Exact copies of all the lines below are needed, without the pictures.

===============

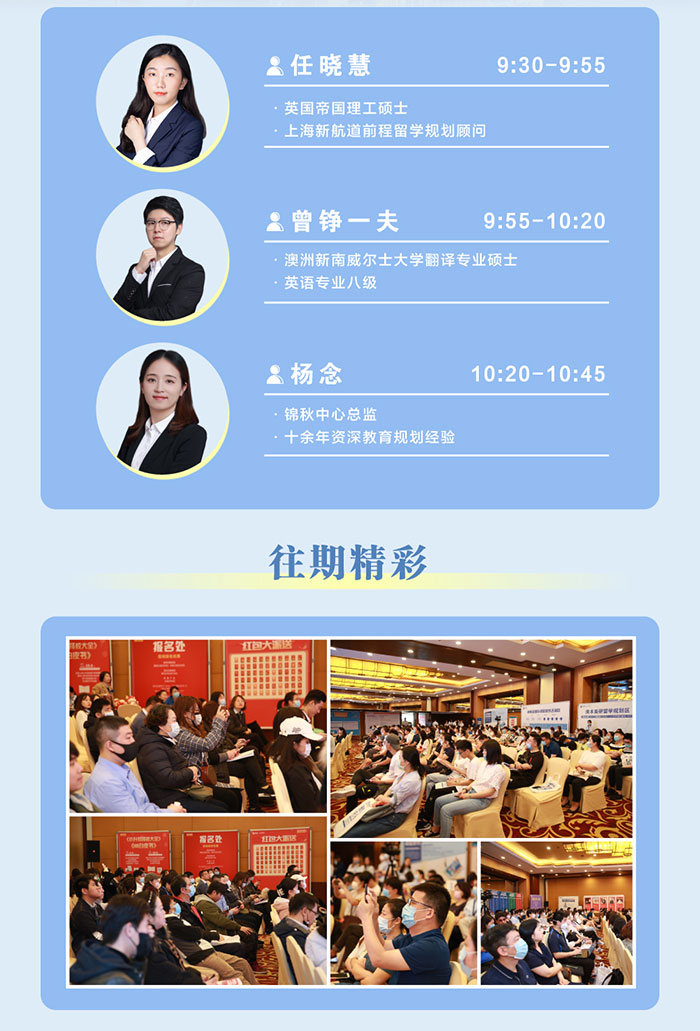 讲座简介:任晓慧 ·英国帝国理工硕士 ·上海新航道前程留学规划顾问 曾铮一夫 ·澳洲新南威尔士大学翻译专业硕士 ·英语专业八级 杨念 10:20-10:45 ·锦秋中心总监 ·十余年资深教育规划经验
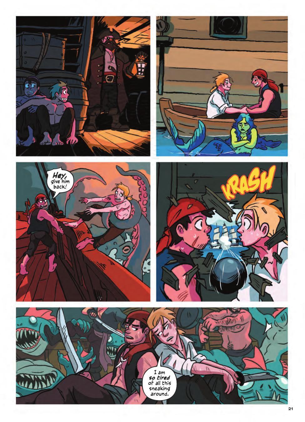 Gerlach agreed, “As I kid, I think I’d have got bored of queer stories about introspection and queer identity. I wouldn’t have got bored of stories about gay pirates that happened to also be about queerness. That’s what I want to do with the vast majority of my work; tell stories that are fun adventures, where the characters just happen to be queer. Our stories don’t have to be entirely about our identities. We deserve to be pirates, or wizards, or adventurers, not just sad introspective teens.”
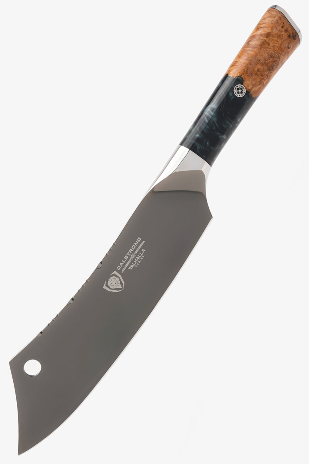 Chef’s knife or cleaver? In paradise, you don’t have to choose. The Valhalla 8" Crixus Knife combines the best features of both for an innovative knife that feels truly sublime, forged of high-carbon steel that will last until the gods call you in for the final battle.
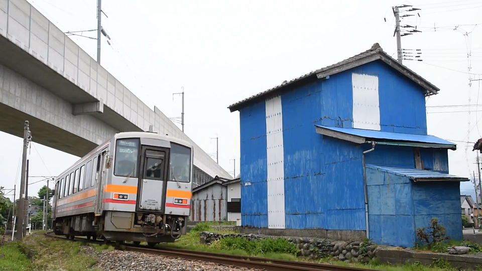 | 【おまけ】 「急行1号」のあと、ちょっと待つと南小谷からの大糸線427Dが糸魚川に到着するので、 車両の魅力は全くないが、ファンキーな色の建物も入れて一応撮影しておく。 約20秒の動画はこちら。 結構、客が乗っていたよ。存続問題が出始めたから 乗りに来てんのかな(笑)。 |
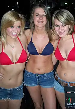 Bikinis Sports Bar & Grill was a chain of sports bars and restaurants located in Texas.[1] The restaurant chain was known for its scantily-clad waitresses, called "Bikini Babes", whose uniforms consist of its eponymous bikini tops, cowboy boots, and tight denim shorts.[2] The chain was also known for trademarking the term "breastaurant" (a common term for this and similar restaurants)[3][4] and purchasing a ghost town that was temporarily renamed "Bikinis, Texas".[5] The chain ceased operations on December 23, 2018.[6]
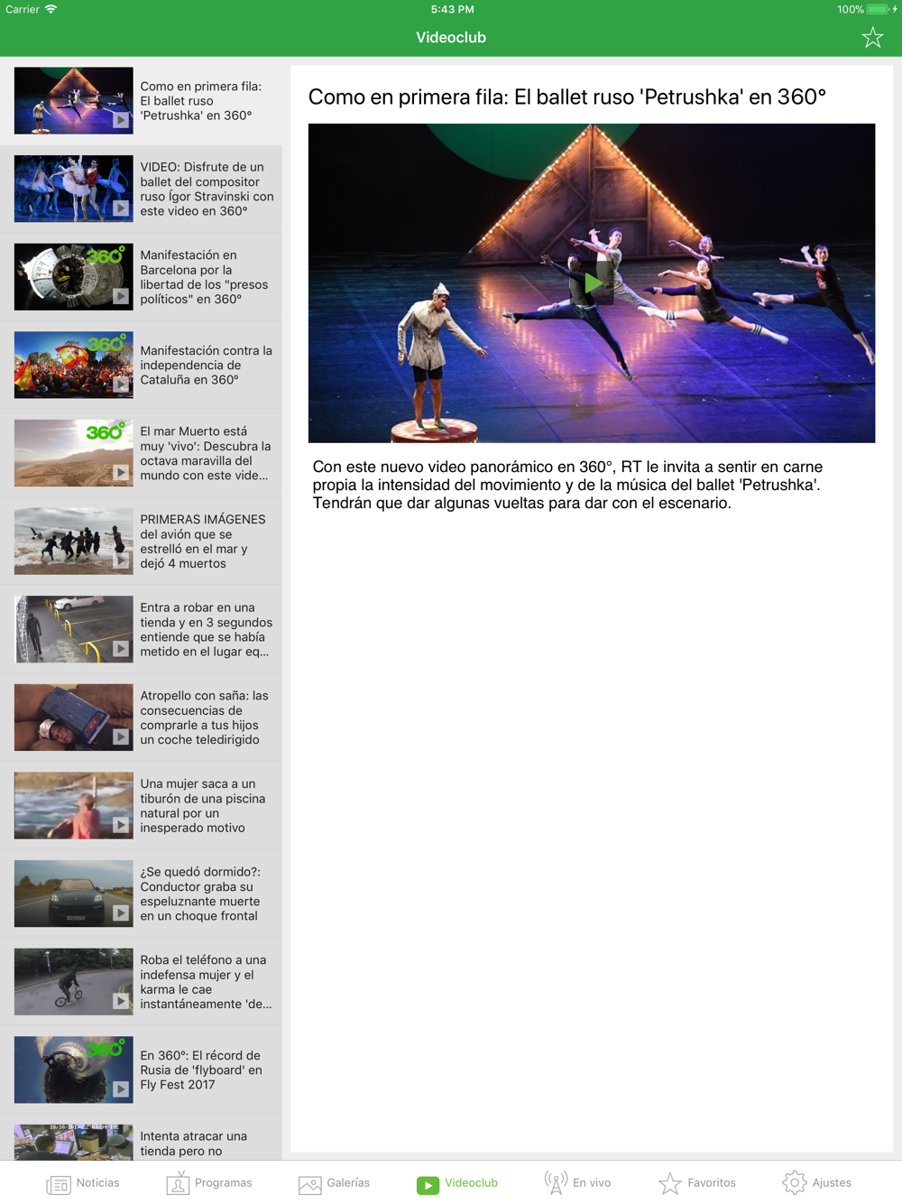 En 2009 RT empieza a transmitir sus programas en español 24 horas al día y 7 días a la semana. Los espectadores de Nueva York y Miami, Los Angeles y México, Buenos Aires y Madrid siguen los noticieros de RT cuando más les convenga.
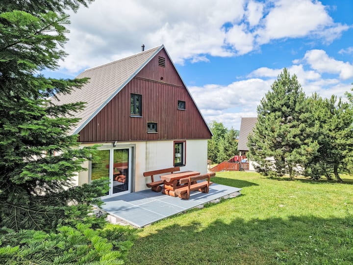 Čistá v Krkonoších 2 km from Černý Důl: Подходящо за деца, красиво, удобно ваканционно селище „Holiday Hill 65 “, на 500 м надморска височина, заобиколено от дървета и ливади. 43 къщи в курорта. В покрайнините, в уединена, тиха, слънчева позиция, на 1,5 км от езерото, на 3 км от ски зоната, в провинцията. За общо ползване: имот 6 ha, поляна, басейн с подгряване (9 x 4 m, дълбочина 120 cm, сезонна наличност: 15 май. - 30 септември работно време на басейна: 09:00-20:00). Душ/тоалетна в зоната на басейна, тенис на маса, детска площадка (люлка, пясъчник). В комплекса: рецепция, централна отоплителна система. Паркинг (за 2 коли) в къщата. Магазин 2,5 км, хранителен магазин 2,5 км, супермаркет 7,5 км, ресторант 1,6 км, градина на кръчма 400 м, автобусна спирка „Černý Důl, Čistá-pošta“ 400 м, тревен плаж 1,5 км (малък), закрит плувен басейн 19 км. Голф игрище (18 дупки) 14 км, тенис 2,5 км, спортен център 2,5 км, пешеходни пътеки от къщата 100 м, велоалея, ски лифт 3 км, седалков лифт 3 км, писти 3 км, ски училище 3 км, детско ски училище 3 км, бягане с шейна 7 км, ски писта 100 м. Близки забележителности: Janské Lázně Spa 9 км, Vrchlabí 10 км, Aquapark Trutnov 25 км, Zoo Safari Dvůr Králové 29 км, Bozkovské jeskyně 37 км, Adrššské skály 44 км. До добре известни ски райони може лесно да се стигне: Černý Důl 3 км, Herlíkovice 15 км, Pec pod Sněžkou 22 км. До добре познатите езера се стига лесно: Чиста 1,5 км, Върчлаби 9 км. Пешеходни пътеки: Sněžka 25 км.
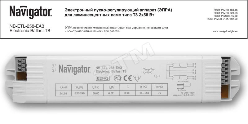 Полное описание: Электронный пускорегулирующий аппарат ЭПРА ЛЛ 2х58 встраиваемый
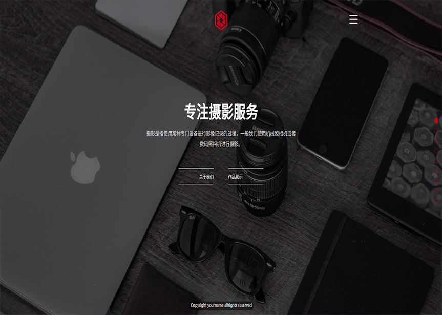 模板名稱:(帶手機(jī)版數(shù)據(jù)同步)自適應(yīng)攝影沖印類攝影紅色網(wǎng)站模板

===============

Reply >>
 讲座简介:任晓慧 ·英国帝国理工硕士 ·上海新航道前程留学规划顾问 曾铮一夫 ·澳洲新南威尔士大学翻译专业硕士 ·英语专业八级 杨念 10:20-10:45 ·锦秋中心总监 ·十余年资深教育规划经验
 Gerlach agreed, “As I kid, I think I’d have got bored of queer stories about introspection and queer identity. I wouldn’t have got bored of stories about gay pirates that happened to also be about queerness. That’s what I want to do with the vast majority of my work; tell stories that are fun adventures, where the characters just happen to be queer. Our stories don’t have to be entirely about our identities. We deserve to be pirates, or wizards, or adventurers, not just sad introspective teens.”
 Chef’s knife or cleaver? In paradise, you don’t have to choose. The Valhalla 8" Crixus Knife combines the best features of both for an innovative knife that feels truly sublime, forged of high-carbon steel that will last until the gods call you in for the final battle.
 | 【おまけ】 「急行1号」のあと、ちょっと待つと南小谷からの大糸線427Dが糸魚川に到着するので、 車両の魅力は全くないが、ファンキーな色の建物も入れて一応撮影しておく。 約20秒の動画はこちら。 結構、客が乗っていたよ。存続問題が出始めたから 乗りに来てんのかな(笑)。 |
 Bikinis Sports Bar & Grill was a chain of sports bars and restaurants located in Texas.[1] The restaurant chain was known for its scantily-clad waitresses, called "Bikini Babes", whose uniforms consist of its eponymous bikini tops, cowboy boots, and tight denim shorts.[2] The chain was also known for trademarking the term "breastaurant" (a common term for this and similar restaurants)[3][4] and purchasing a ghost town that was temporarily renamed "Bikinis, Texas".[5] The chain ceased operations on December 23, 2018.[6]
 En 2009 RT empieza a transmitir sus programas en español 24 horas al día y 7 días a la semana. Los espectadores de Nueva York y Miami, Los Angeles y México, Buenos Aires y Madrid siguen los noticieros de RT cuando más les convenga.
 Čistá v Krkonoších 2 km from Černý Důl: Подходящо за деца, красиво, удобно ваканционно селище „Holiday Hill 65 “, на 500 м надморска височина, заобиколено от дървета и ливади. 43 къщи в курорта. В покрайнините, в уединена, тиха, слънчева позиция, на 1,5 км от езерото, на 3 км от ски зоната, в провинцията. За общо ползване: имот 6 ha, поляна, басейн с подгряване (9 x 4 m, дълбочина 120 cm, сезонна наличност: 15 май. - 30 септември работно време на басейна: 09:00-20:00). Душ/тоалетна в зоната на басейна, тенис на маса, детска площадка (люлка, пясъчник). В комплекса: рецепция, централна отоплителна система. Паркинг (за 2 коли) в къщата. Магазин 2,5 км, хранителен магазин 2,5 км, супермаркет 7,5 км, ресторант 1,6 км, градина на кръчма 400 м, автобусна спирка „Černý Důl, Čistá-pošta“ 400 м, тревен плаж 1,5 км (малък), закрит плувен басейн 19 км. Голф игрище (18 дупки) 14 км, тенис 2,5 км, спортен център 2,5 км, пешеходни пътеки от къщата 100 м, велоалея, ски лифт 3 км, седалков лифт 3 км, писти 3 км, ски училище 3 км, детско ски училище 3 км, бягане с шейна 7 км, ски писта 100 м. Близки забележителности: Janské Lázně Spa 9 км, Vrchlabí 10 км, Aquapark Trutnov 25 км, Zoo Safari Dvůr Králové 29 км, Bozkovské jeskyně 37 км, Adrššské skály 44 км. До добре известни ски райони може лесно да се стигне: Černý Důl 3 км, Herlíkovice 15 км, Pec pod Sněžkou 22 км. До добре познатите езера се стига лесно: Чиста 1,5 км, Върчлаби 9 км. Пешеходни пътеки: Sněžka 25 км.
 Полное описание: Электронный пускорегулирующий аппарат ЭПРА ЛЛ 2х58 встраиваемый
 模板名稱:(帶手機(jī)版數(shù)據(jù)同步)自適應(yīng)攝影沖印類攝影紅色網(wǎng)站模板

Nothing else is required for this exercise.